Please submit your answer with a single PDF via the course site. You should use VCS to answer Question 3 and 4.

1.    Sketch a transistor-level schematic for a compound CMOS logic gate for each of following          functions (size the transistor widths to achieve effective rise and fall resistances equal to a unit inverter (R). You may have different circuit implantations, please use the least number of          transistors.

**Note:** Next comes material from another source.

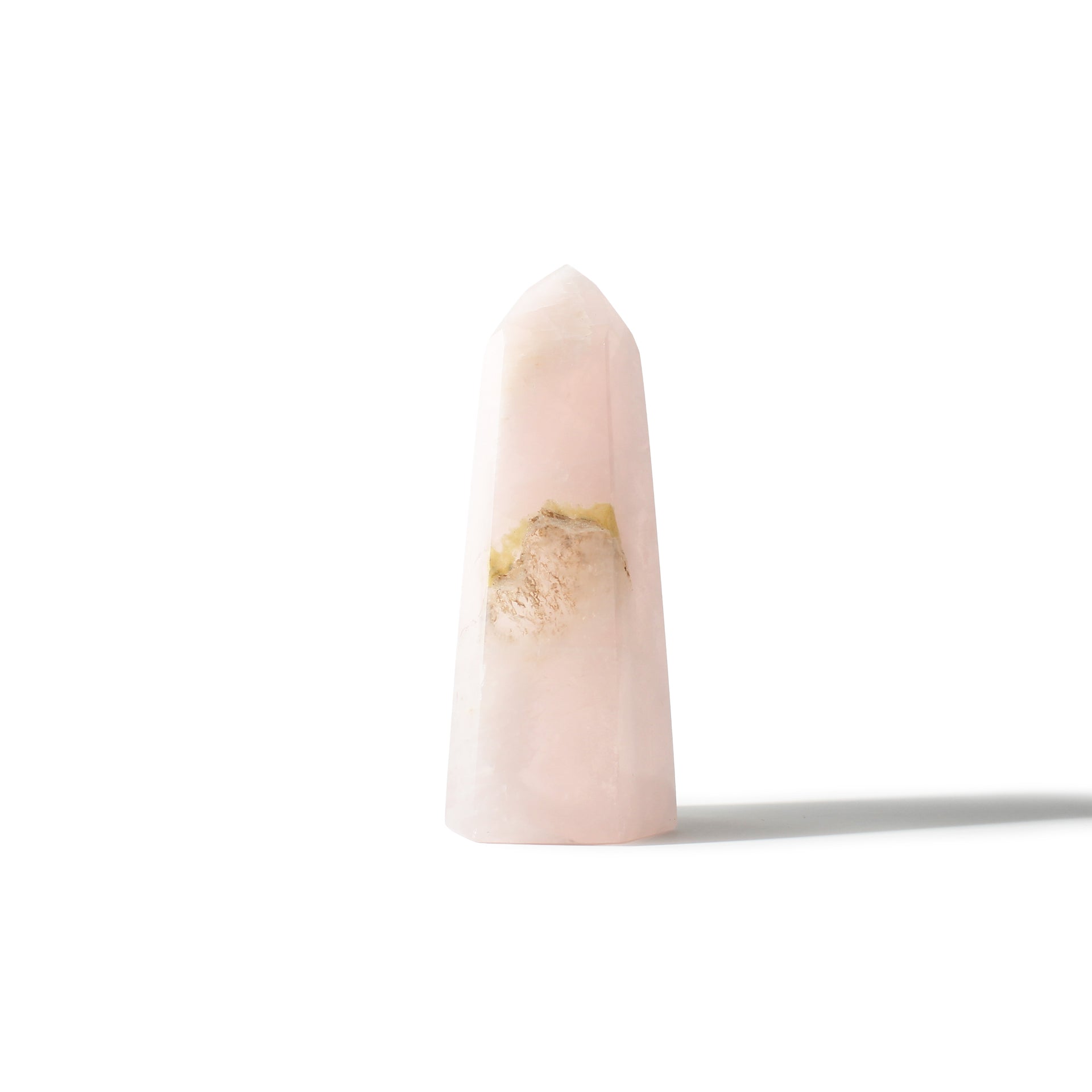 This Rose Quartz Generator stands 5 1/2" tall, showcasing soft blush-pink tones with gentle translucency, polished into a smooth, elegant point that radiates calming, heart-centered energy. Each piece highlights Rose Quartz's natural beauty and soothing presence.

Unit nMOS has resistance R, capacitance C

Unit pMOS has resistance 2R, capacitance C

F = a + b . c,

F = abc + d

F = abc + abd + acd + bcd

2.    Please size the transistor width to achieve effective rise and fall resistances equal to a unit         inverter (R) for the 4-input NOR gate, mark the capacitance for each terminal, and calculate the delays for the following cases assume h identical such NOR gates are driven by the 4-input NOR gate: (a) best-case output falling delay; (b) best-case output rising delay; (c) worst-case output  falling delay; (d) worst-case output rising delay. Note you should specify how the input pattern changes for each case and explain the corresponding reason.

3.    (VCS Simulation) Write an RTL code and gate level Verilog code to implement the 4 to 1 Mux. Note that for gate level, you only have basic gates from the design library, such as AND, OR,   NOT, XOR etc. (The basic gates could have multiple bits input, for example two input or three input AND gate: a&b or a&b&c). The input and output signals are defined as follows:

Input: D0, D1, D2, D3, S0, S1 (S0, S1 select signals)

Output: Z

For the two implementations: (a) Draw the structure schematic; (b) Write your Verilog code and the testbench; (c)  Simulate and Validate them with VCS; (d) Compare the differences between  those two implementations (RTL vs Gatelevel);

All design structures, source codes and simulated waveforms should be included in your answer.